Today we look at the ASUS M2NPV-VM motherboard that is designed for Socket AM2 processors and with Media Center in mind.

By: | Socket AM2/AM2+ in Motherboards | Posted: Oct 15, 2006 4:00 am
TweakTown Rating: 8.0%Manufacturer: ASUS

BIOS and Overclocking


Now it's into the BIOS section of the ASUS M2NPV-VM. Being a budget board, we aren't expecting too much in the way of overclocking options.



ASUS uses its traditional Award BIOS using the same menu system that Intel uses for its motherboards. This menu system was first used by ASUS back when the Pentium 3 Slot 1 was the king CPU. While it did fall back to the original blue menu a couple of times, this is now the BIOS setup that defines ASUS. We upgraded our BIOS to 0405 from the Beta BIOS that board was shipped with. Like all of the ASUS boards to get to the overclocking features, you need to access the Jumperfree sub-menu under the Advanced tab.



When in the Jumperfree section you see how few overclocking options we have. There are only three major ones - FSB, DRAM voltage and CPU multiplier. Your FSB range goes from 200MHz to 400MHz in 1MHz increment, DRAM voltage goes from default to 1.9v only and CPU multiplier, well that's explanatory.


With all these settings we only managed a 213MHz FSB clock. This was likely because there are no voltage changes for the CPU, HT links or any multiplier adjustments for the HT link, causing instabilities above 213MHz FSB. It goes without saying, the ASUS M2NPV-VM motherboard will not land you any new world record overclocking results but at the same time it was designed to sit next your TV and not be running 3DMark.


Important Editor Note: Our maximum overclocking result is the best result we managed in our limited time testing the motherboard.
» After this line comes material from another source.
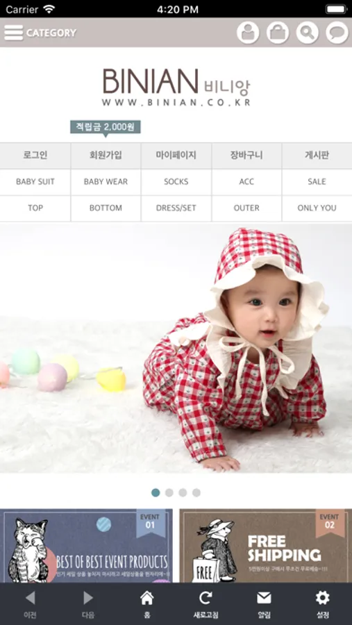 본 APP은 웹사이트 쇼핑몰과 100% 연동되어 있어
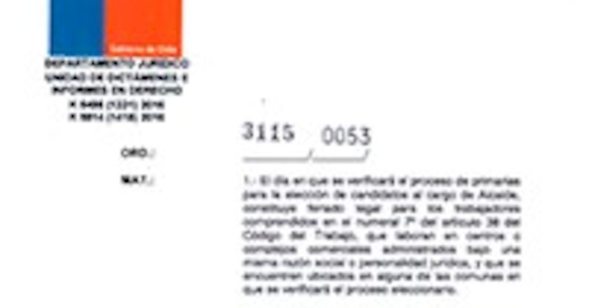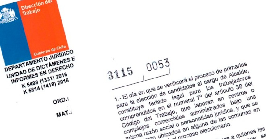 De la respuesta emitida por el Servel y de lo establecido en otras disposiciones legales, la DT concluyó que "el día en que se desarrollará el proceso de primarias para la elección de candidatos al cargo de Alcalde, será feriado legal exclusivamente en las comunas en que se realizará el referido acto eleccionario, esto es, aquellas en que legalmente se han inscrito candidaturas".

Due to time constraints we don't have enough time to tweak the motherboard to the maximum and find the highest possible FSB as this could take days to properly find.


We do however spend at least a few hours overclocking every motherboard to try and find the highest possible overclock in that time frame. You may or may not be able to overclock higher if you spend more time tweaking or as new BIOS updates are released or "burn in" time might come into play if you believe in that.